Schade, dass der Start der fusionierten Lösung um drei Monate verschoben werden musste. Allerdings dürfte das Timing nicht der zentrale Erfolgsfaktor sein. Für Twint spricht, dass die Schweizer Lösung mit 30 Banken und bedeutenden Händlern mit geballter Power loslegen kann. Mit der Peer to Peer Zahlung bietet diese Mobility-Payment-Lösung eine Zahlungsmöglichkeit, welche es mit Kredit/Debit Karte nicht gibt. Mit der Kontoverknüpfungsmöglichkeit holt man jene Kunden ab, die auf Debit Karte setzen.

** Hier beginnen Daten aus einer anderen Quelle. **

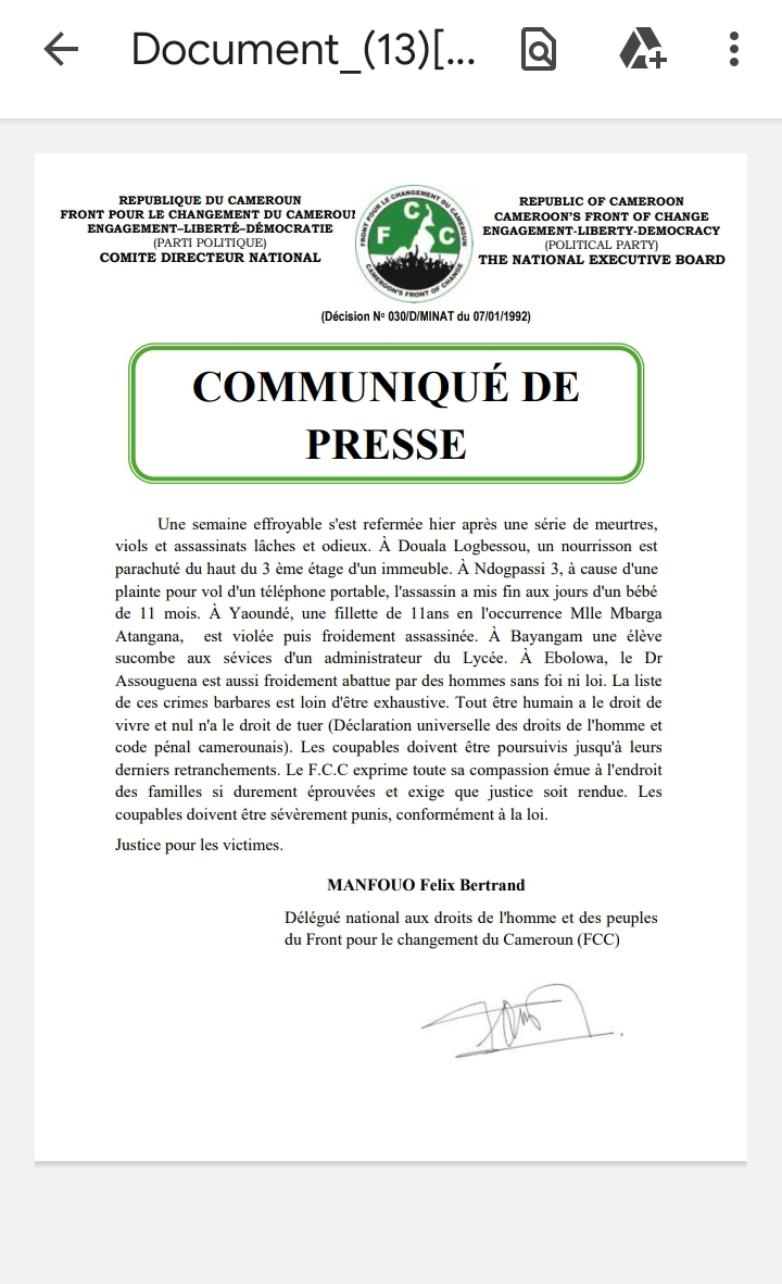 Cameroun : Le Front pour le changement du Cameroun (FCC) tire la sonnette d’alarme sur une série de meurtres, viols et assassinats lâches et odieux
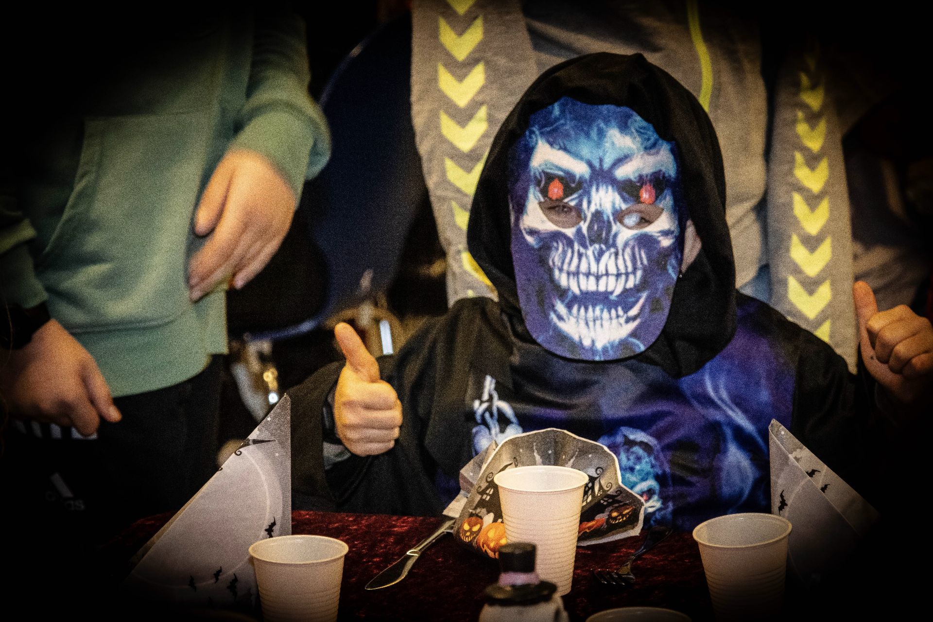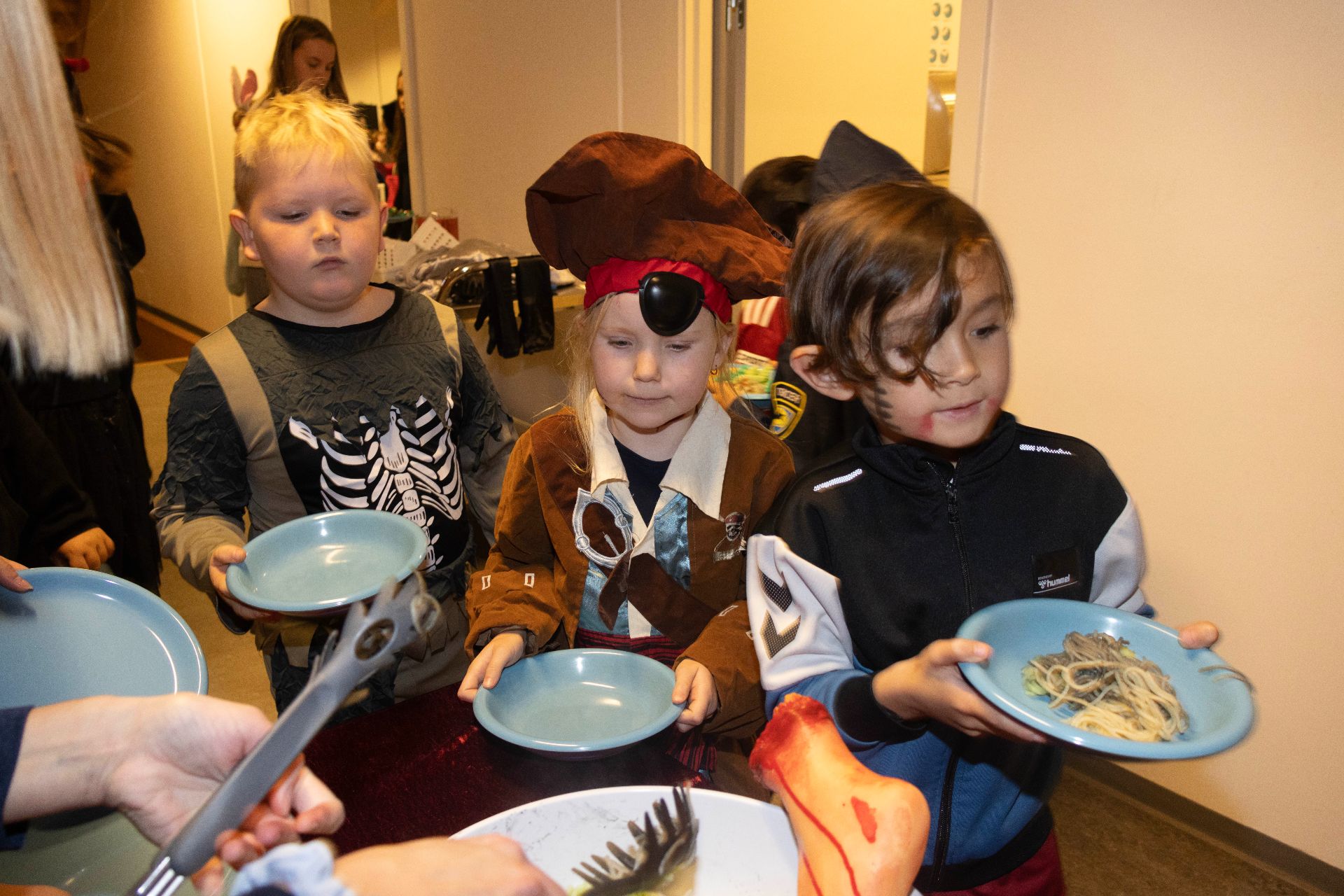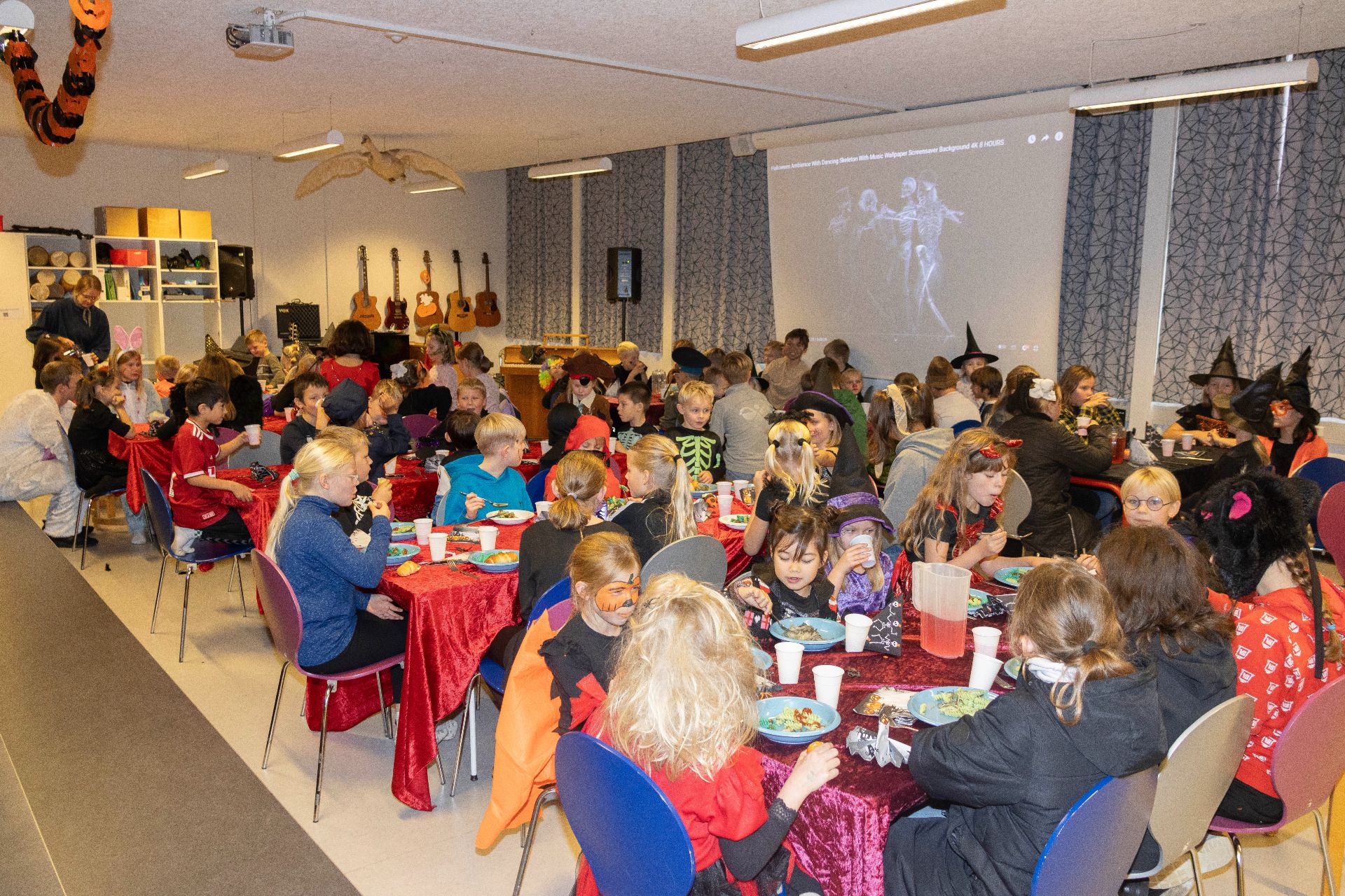 Når man får “fornemt og skrækindjagende besøg” af den slags personager, er det klogt at have mad på bordet, for ellers får skolens elevtal et gedigent nøk nedad. Derfor havde elever og lærere/pædagoger sammen stablet den helt store festmiddag på benene til dagens uhyggelige sammenrend af halloweengodtfolk.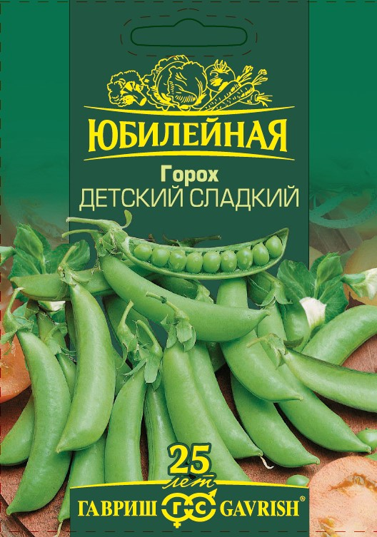 Каждый огородник желает вырастить такой горох, что послаще и покрупнее. И чтобы давал хороший урожай, мало поражался болезнями, вредителями, и созревал в нужное время. Ведь десертные лопатки с сочными семенами — это ценный диетический продукт богатый белками, сахарами, крахмалом, витаминами и каротином. Одним из таких супер сахарных сортов является Детский сладкий. Раннеспелый. Растение высотой до 80 см. Боб слабоизогнутый, с заостренной верхушкой, без пергаментного слоя, длинный, широкий. В каждом бобе завязывается 7-9 сахарных горошин. Стенки бобов толстые, мясистые, на вкус сладкие, без наличия жестких тканей. Рекомендуется для употребления недозрелых бобов в свежем виде. Урожайность 1,0-1,5 кг/м2. Посев производят ранней весной на солнечной стороне участка на глубину 4-6 см. Схема посева: 15x30 см. Растениям требуется подвязка.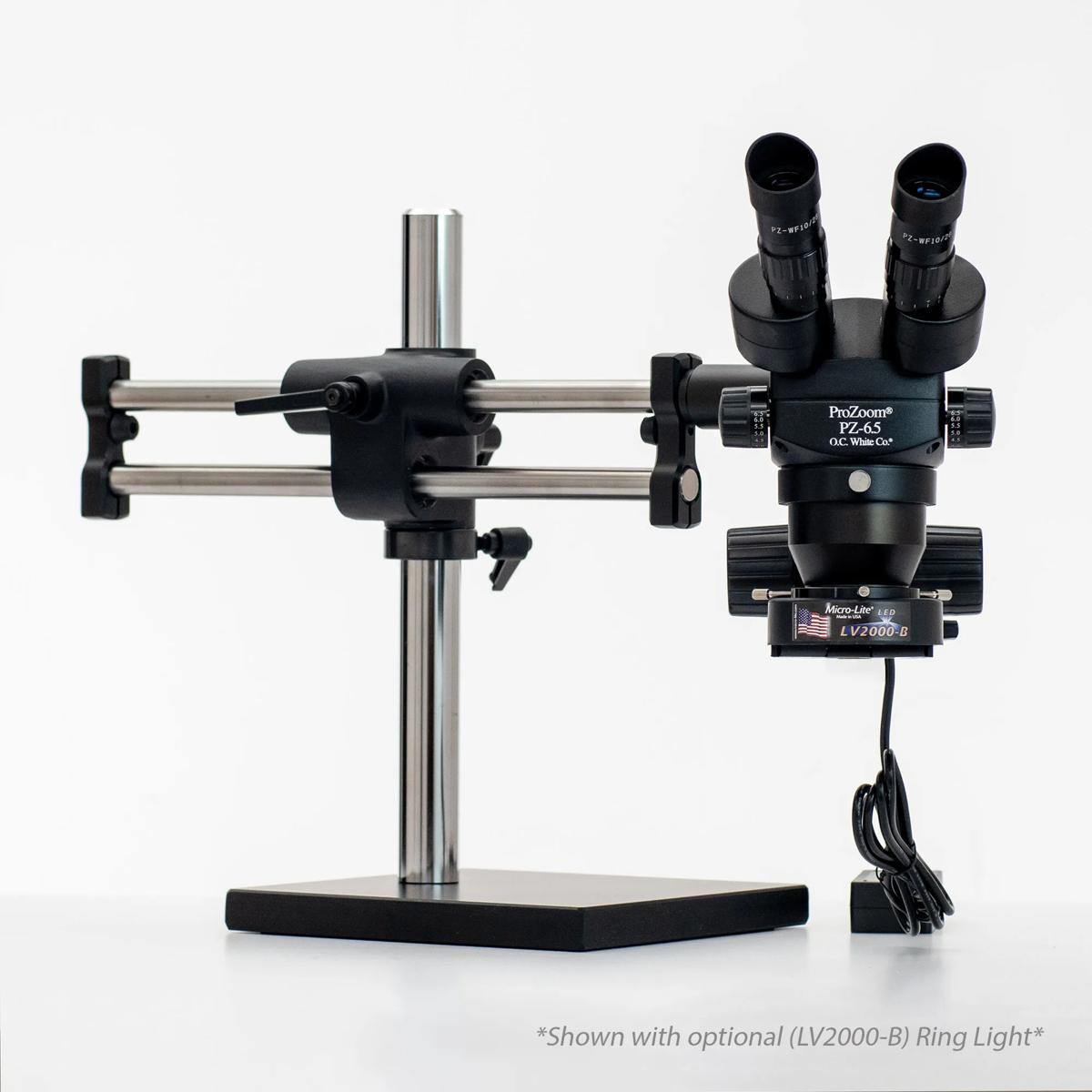 ProZoom® 6.5 Stereo-Zoom Microscope with Exclusive Detented Zoom Stops. Super-Wide (28mm) 10X Eyepieces. Standard Range 5-65x (up to 390X with optional parts). 16" Tall Ball Bearing Base, Easy 360° main body rotation. 190mm working distance. 0.5X Auxiliary Objective Lens at no charge ($125 value). ±6 Diopter Adjustable eyepieces to correct individual eyesight variations. 45° Eyetube inclination. ESD Safe Standard. Micro-Lite® LV2000-B LED Ring Light

Auch das Raufladen von Cash aufs Smartphone ist gemäss Umfrage bei ca. 30% der Befragten ein Bedürfnis und könnte zusätzliche User begeistern. Hier hat die Schweizer E-Wallet einen Vorsprung vor Apple Pay und Alipay. Um die Massen zu gewinnen ist es schlussendlich jedoch zentral, dass im Vergleich zum Kartenzahlen und vor allem auch gegenüber dem Bargeld essentielle Vorteile geboten werden. Dies ist aktuell noch nicht der Fall. Die ganze Coupon-/Treuepunkt Thematik bietet aber Potenzial dazu.

Mit Geolocation zu arbeiten könnte eine solche Chance sein. Zusätzliche Innovationen sind jedoch gefragt. Twint ist gut beraten in Zukunft nach interessanten Fintech Startups Ausschau zu halten zwecks Zusammenarbeit. Die Herausforderung ist gross, die Opportunitäten sind da. Jetzt gilt es die Ärmel nach hinten zu krempeln, das Ego-System vollständig über Bord zu werfen und auf das Schweizer Eco-System zu setzen.